• Data to use:
§ §

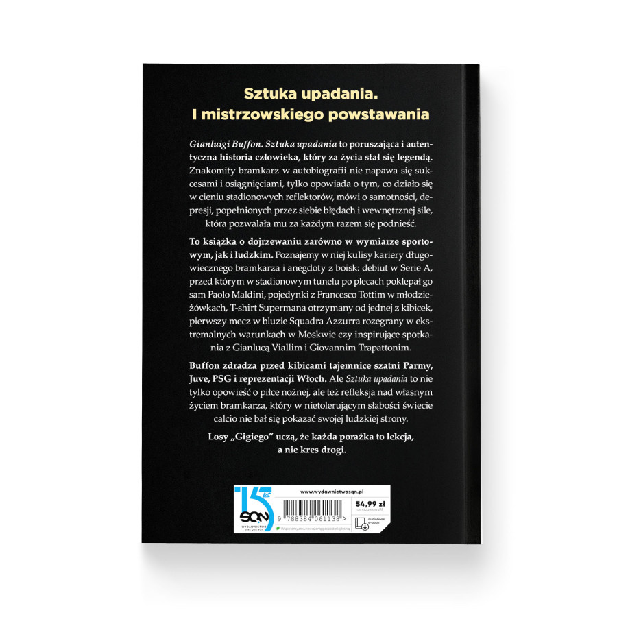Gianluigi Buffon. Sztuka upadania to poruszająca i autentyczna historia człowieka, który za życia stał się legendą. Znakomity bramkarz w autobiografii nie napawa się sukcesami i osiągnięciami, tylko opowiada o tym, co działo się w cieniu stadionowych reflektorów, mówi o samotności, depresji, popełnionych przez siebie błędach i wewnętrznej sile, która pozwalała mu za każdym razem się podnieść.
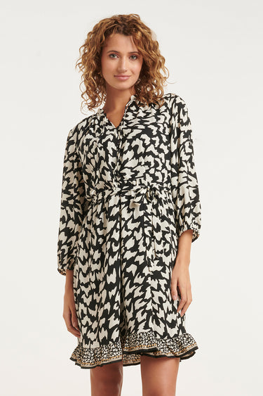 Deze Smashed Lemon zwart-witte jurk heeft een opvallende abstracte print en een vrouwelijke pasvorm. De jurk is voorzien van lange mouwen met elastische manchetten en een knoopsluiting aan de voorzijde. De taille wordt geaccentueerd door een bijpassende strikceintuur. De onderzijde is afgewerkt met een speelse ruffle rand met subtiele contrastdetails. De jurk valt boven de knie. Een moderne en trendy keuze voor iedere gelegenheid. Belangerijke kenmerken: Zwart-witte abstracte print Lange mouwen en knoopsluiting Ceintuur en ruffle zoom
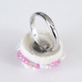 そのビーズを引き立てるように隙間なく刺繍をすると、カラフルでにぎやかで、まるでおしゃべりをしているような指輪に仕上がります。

§ §

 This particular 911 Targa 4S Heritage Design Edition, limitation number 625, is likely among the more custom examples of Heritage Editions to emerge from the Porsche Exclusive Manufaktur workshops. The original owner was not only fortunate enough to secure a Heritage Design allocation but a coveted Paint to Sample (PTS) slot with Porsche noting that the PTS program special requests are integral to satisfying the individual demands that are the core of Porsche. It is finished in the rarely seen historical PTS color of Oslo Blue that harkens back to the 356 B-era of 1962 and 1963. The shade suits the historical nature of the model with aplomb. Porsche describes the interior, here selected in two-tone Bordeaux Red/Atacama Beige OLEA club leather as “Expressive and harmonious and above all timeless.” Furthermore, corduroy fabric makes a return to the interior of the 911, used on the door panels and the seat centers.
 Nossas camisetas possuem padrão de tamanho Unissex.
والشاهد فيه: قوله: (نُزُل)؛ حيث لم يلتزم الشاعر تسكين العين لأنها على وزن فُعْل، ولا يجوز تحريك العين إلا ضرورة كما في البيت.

§ §

• What is being asked: All lines in the data above from the one with "Nossas camisetas possuem" through the one with "والشاهد فيه: قوله: (نُزُل)؛" must be repeated exactly, and no others.

• Exercise answer:
 Nossas camisetas possuem padrão de tamanho Unissex.
والشاهد فيه: قوله: (نُزُل)؛ حيث لم يلتزم الشاعر تسكين العين لأنها على وزن فُعْل، ولا يجوز تحريك العين إلا ضرورة كما في البيت.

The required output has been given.